Some problems that can be solved with _consensus_ are:

- Linearizable compare-and-set registers: The register needs to atomically _decide_ whether to set its value, based on
whether its current value equals the parameter given in the operation.
- Atomic transaction commit: A database must _decide_ whether to commit or abort a distributed transaction.
- Total order broadcast: The messaging system must _decide_ on the order in which to deliver messages.
- Locks and leases: When several clients are racing to grab a lock or lease, the lock _decides_ which one
successfully acquired it.
- Membership/coordination service: Given a failure detector (e.g., timeouts), the system must _decide_ which nodes are
alive, and which should be considered dead because their sessions timed out.
- Uniqueness constraint: When several transactions concurrently try to create conflicting records with the
same key, the constraint must _decide_ which one to allow and which should fail with a constraint violation.

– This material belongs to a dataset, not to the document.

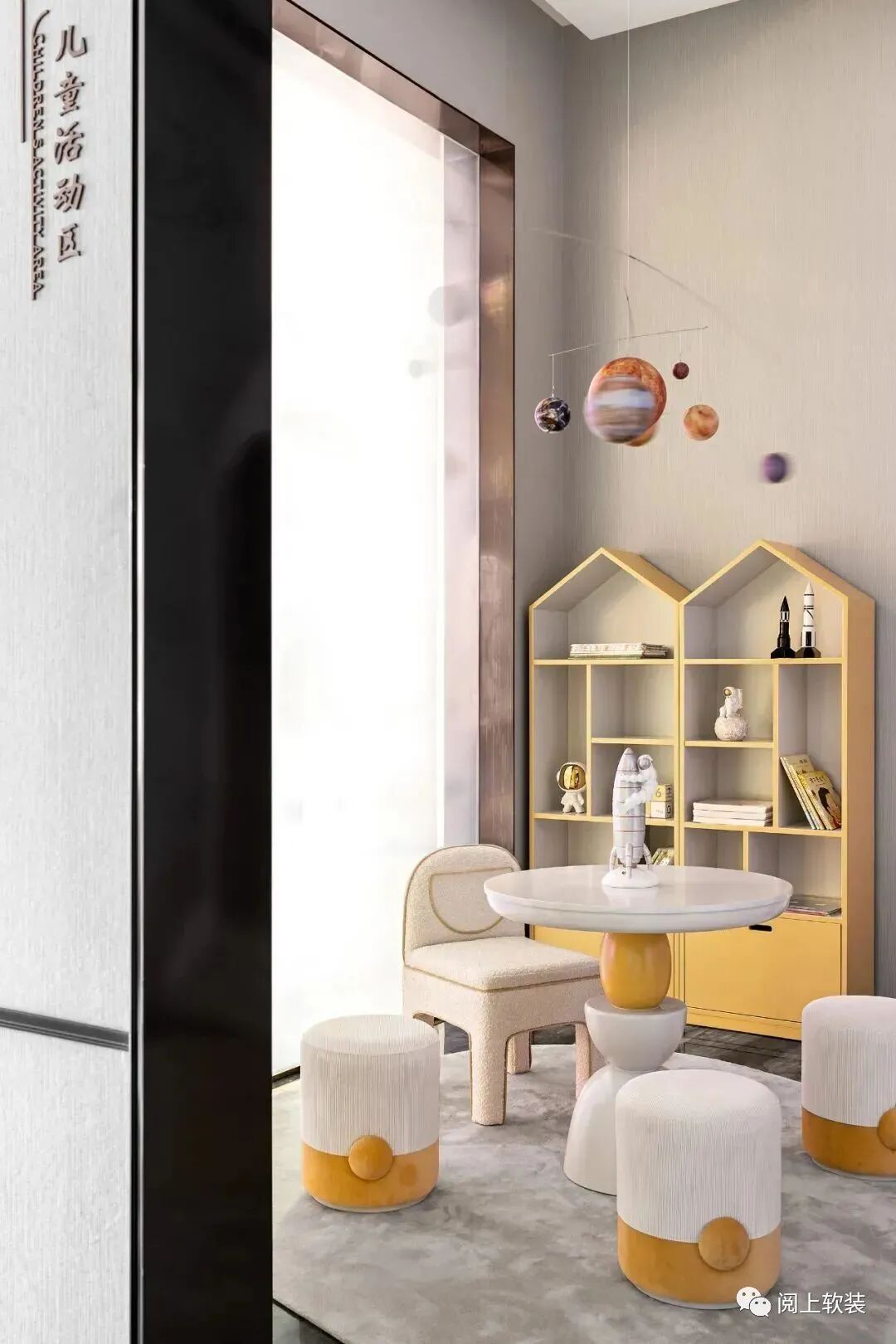 水吧區與兒童娛樂區串聯起四方空間,水吧高級灰的沉靜的氣質與相鄰的兒童區域形成了生動的對比,立面書架、童趣的世界與柔軟的顏色搭配很好得演繹了現代“去銷售化”的理念,一本書,一杯咖啡,雅致的物理空間承載無限遐想的精神世界,看著自由的孩童,時光在此靜靜雕刻。

All of these are straightforward if you only have a single node, or if you are willing to assign the decision-making
capability to a single node. This is what happens in a single-leader database: all the power to make decisions is vested
in the leader, which is why such databases are able to provide linearizable operations, uniqueness constraints, a
totally ordered replication log, and more.

However, if that single leader fails, or if a network interruption makes the leader unreachable, such a system becomes
unable to make any progress. There are three ways of handling that situation:

- Wait for the leader to recover, and accept that the system will be blocked in the meantime.
- Manually fail over by getting humans to choose a new leader node and reconfigure the system to use it.
- Use an algorithm to automatically choose a new leader. This approach requires a consensus algorithm, and it is
advisable to use a proven algorithm that correctly handles adverse network conditions.

Although a single-leader database can provide linearizability without executing a consensus algorithm on every write, it
still requires consensus to maintain its leadership and for leadership changes.

Tools like ZooKeeper play an important role in providing an “outsourced” consensus, failure detection, and membership
service that applications can use.

Not every system necessarily requires consensus: for example, leaderless and multi-leader replication systems typically
do not use global consensus. The conflicts that occur in these systems are a consequence of not having consensus across
different leaders, but maybe that is okay: maybe we simply need to cope without linearizability and learn to work
better with data that has branching and merging version histories.